Joseph Leidy was born in Philadelphia in 1823; he spent his life in that city, and died there in 1891. He graduated from the medical school of the University of Pennsylvania in 1844, and maintaining his connection with the university as assistant and demonstrator was elected professor of anatomy in 1853. His connection with the Academy of Natural Sciences was equally long and intimate, and he was also professor at Swarthmore College. His scientific work was closely connected with Philadelphia. Most of his six hundred papers were published in the proceedings of the academy and of the Philosophical Society. His paleontological papers were based mainly on the collections of the academy, and his work on recent invertebrates on material collected in and about the city.

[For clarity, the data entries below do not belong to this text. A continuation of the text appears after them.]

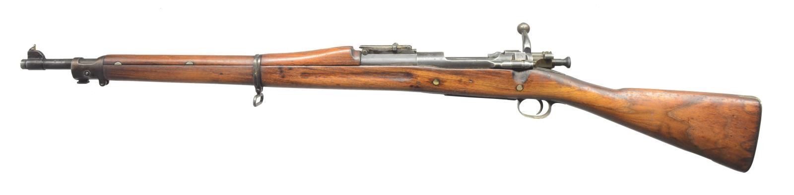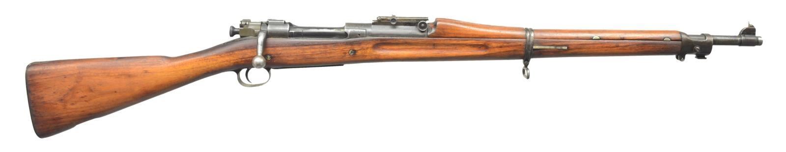 Cal. 30-06. S# 1468850. Bbl. 24" marked behind front sight "SA / flaming bomb / 9-42". Ladder aperture rear sight graduated to 2850 yards w/ volley notch & dished windage & elevation knobs. Sight base is replacement made w/out lightening cuts. Front sight has added amateur gunsmith made aperture for target shooting. Straight down bolt handle. Bolt sleeve is marked "NS" under safety lug & "R". All milled furniture w/ smooth trap buttplate. Stacking swivel & screw are not present. Butt swivel & screws are not present. "S" type walnut stock w/ 2 recoil bolts. Walnut handguard. CONDITION: stock set has been heavily sanded & refinished removing markings & has loss of wood in inletted areas. Stock set has moderate staining & handling marks throughout. Metal has well worn parkerized finish w/ sm. areas of oxidation throughout. Fair bore turning dark, but w/ strong lands. (21-1189/RW). CURIO. $400-600.
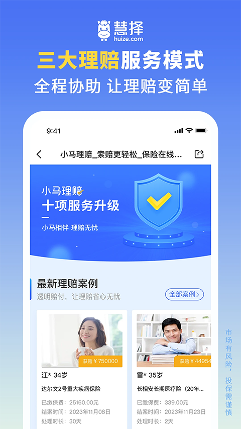 慧择保险网官方正版由慧择保险经纪有限公司开发,是一款出色的保险购买服务平台,它为用户带来众多保险购买建议,用户可依据自身需求进行保险选购,通过该平台,能让大家更放心地购买保险,满足不同人群对保险产品的多样化需求,助力用户轻松找到适合自己的保险保障。
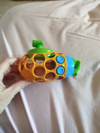 Juguete submarino de la marca Oball. Su diseño permite que los más pequeños lo agarren fácilmente. Se le puede dar cuerda girando la hélice y se mueve en el agua después. Ver última foto, tiene dos roturas en las uniones finas que no afectan al uso, de ahí el precio. - Colores: naranja, verde y azul. - Material: plástico flexible.
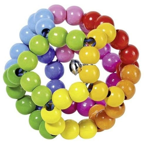 Kolorowa kula to grzechotka dla dziecka wykonana z drewnianych koralików połączonych sznureczkiem. Wewnątrz umieszczono dzwoneczek. Grzechotkę można ściskać w dowolną stronę.
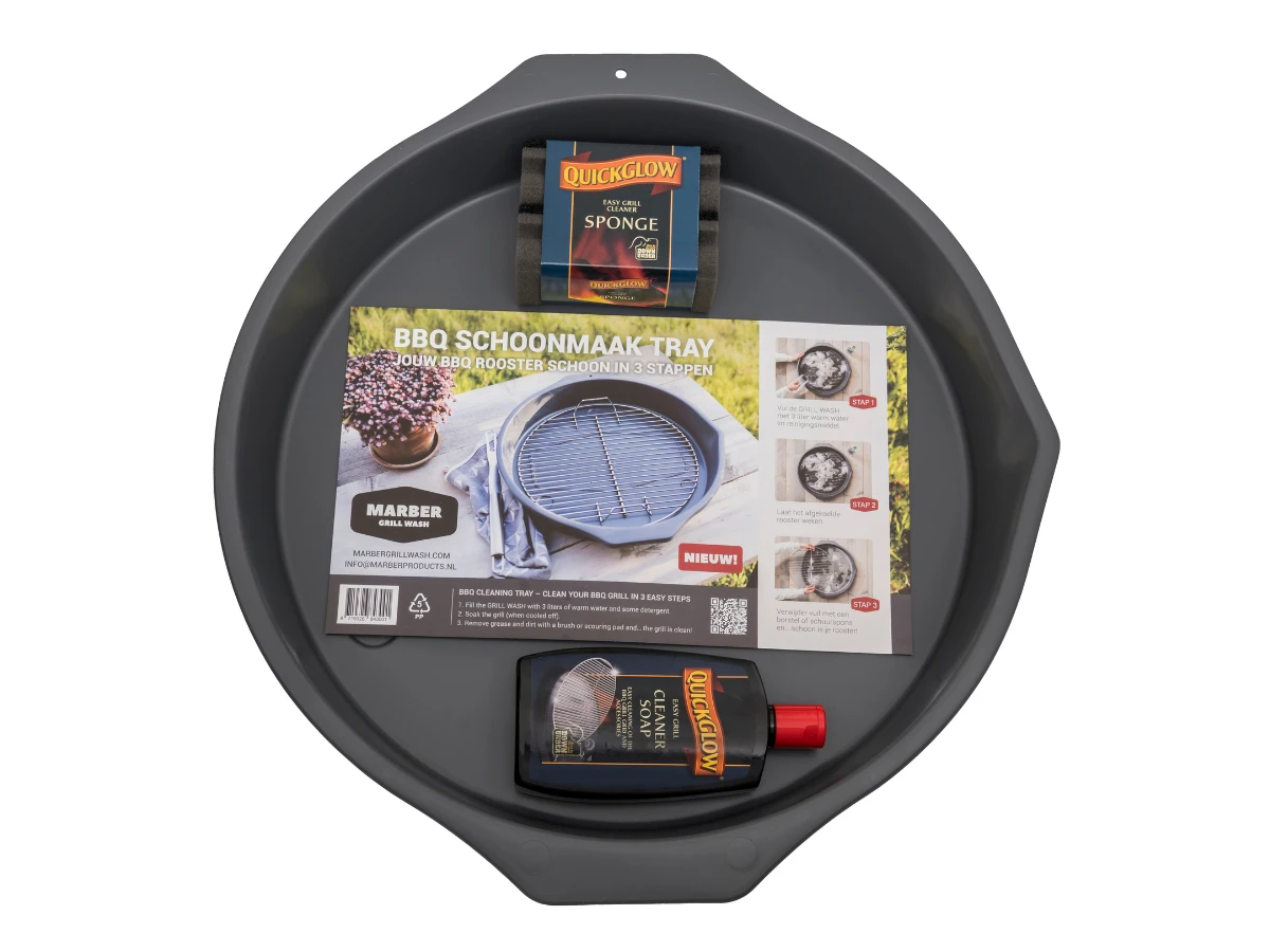 – de GRILL WASH – een fijne grote schoonmaaktray waar jouw rooster goed in kan weken Hier past elk rond rooster (let op: tm 48 cm diameter) perfect in – €24.95

Leidy published over two hundred papers on the extinct vertebrates of North America, leading in the work in which he was subsequently joined by Cope and Marsh of describing the remarkable fossils of the western plains. As early as 1847 he showed that this continent was the ancestral home of the horse, whose phylogeny is one of the most interesting chapters in the history of evolution, and this paper was followed by others describing the lions, camels, rhinoceros and other mammals and reptiles, which have now no immediate representatives on the continent. Perhaps equally important was Leidy's work on parasites, on

Statue of Joseph Leidy.

fresh-water rhizopods and on other lower forms. In 1847 he discovered the trichina in the hog, and his "Flora and Fauna within Living Animals" is a classic on this subject. His work covered an immense range. He was well informed in botany and in mineralogy, and was master of the whole field of zoology, anatomy and paleontology, both on the side of the laboratory and of nature. The complications of modern science make it unlikely that there will be another man of his type. Men must now be more specialized and smaller, and this seems to hold to a certain extent for character as well as for scientific work. Leidy was not only a great naturalist, but also a great man—simple, kind, generous and just.

SCIENTIFIC ITEMS

We regret to record the death of Professor Asaph Hall, the eminent American astronomer.

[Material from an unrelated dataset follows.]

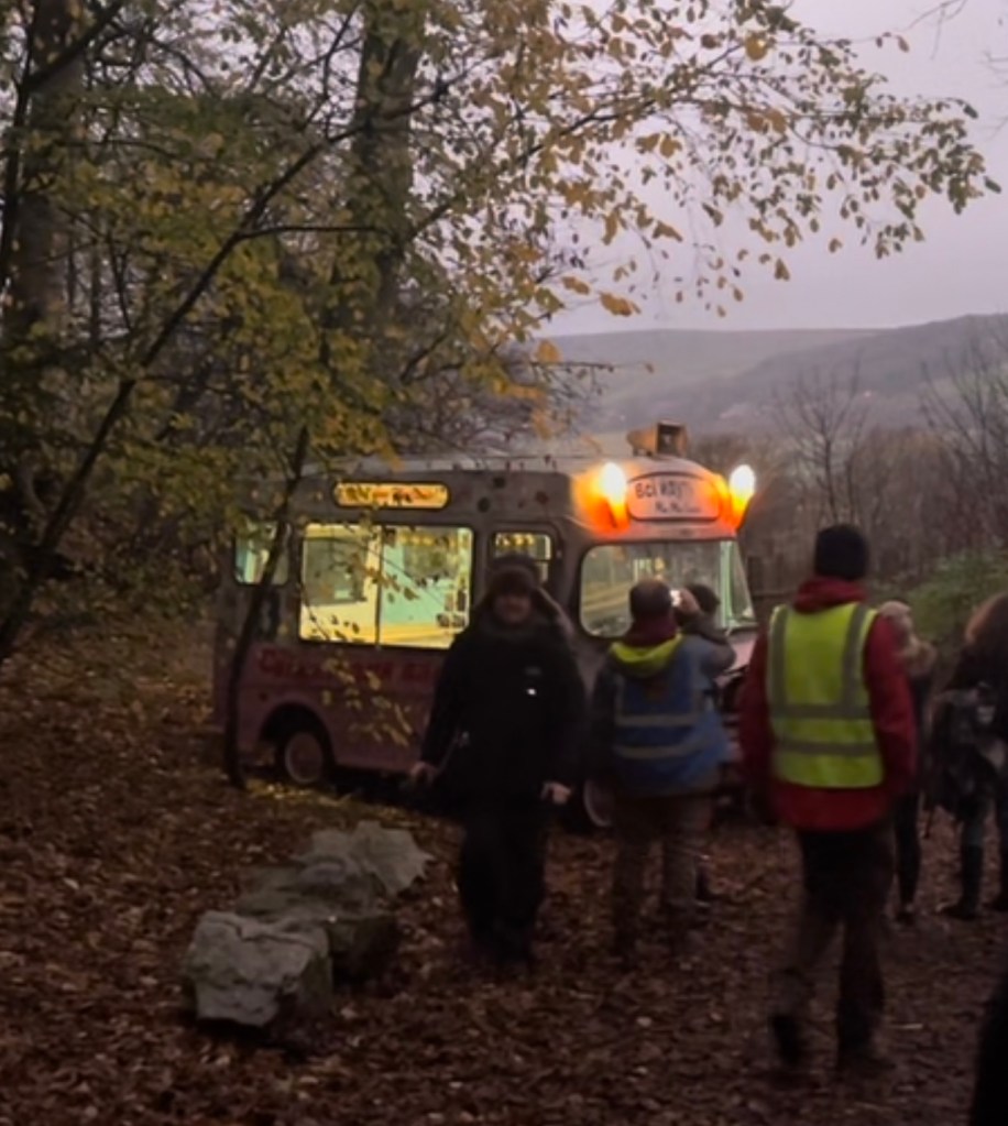 As the 223 participants were either taking a breather, sipping some Jura or having a pre-ritual toilet break, the car park to Poole’s Cavern was suddenly serenaded by the now all too familiar chimes of a Ukrainian Ice Kream Van that had suddenly apparated half up the neighbouring hillside of Grin Low. With no roads, lifts or cranes in sight, I think it’s safer to assume that it was simply magicked up there.

Nobel prizes have been awarded as follows: In physics to Professor A. A. Michelson, of the University of Chicago; in chemistry to Professor Eduard Buchner, of the Berlin Agricultural School; in medicine to M. Laveran, of Paris; in literature to Mr. Rudyard Kipling, and for the promotion of peace to M. Renault and M. Moneta.—The Copley medal of the Royal Society has been awarded to Professor A. A. Michelson, of the University of Chicago, and the Davy medal to Professor Edward Morley, emeritus professor of chemistry of Western Reserve University.—Professor Simon Newcomb has been elected a foreign member of the Göttingen Academy of Sciences, Mr. Alexander Agassiz of the Vienna Academy of Sciences, and Dr. G. W. Hill and Professor H. F. Osborn, foreign members of the Edinburgh Royal Society.

An oil portrait of Professor James Mills Peirce Perkins, professor of mathematics at Harvard University until his death in 1905, has been presented to the university by his sister.—A portrait of Professor Arthur Schuster has been presented to Manchester University. It will be remembered that Professor Schuster recently retired from the active duties of the chair of physics.

Mr. Andrew Carnegie has added two million dollars to the endowment of the Carnegie Institution of Washington. Mr. A. J. Montague, of Virginia, and Mr. W. B. Parsons, of New York, have been elected trustees of the institution.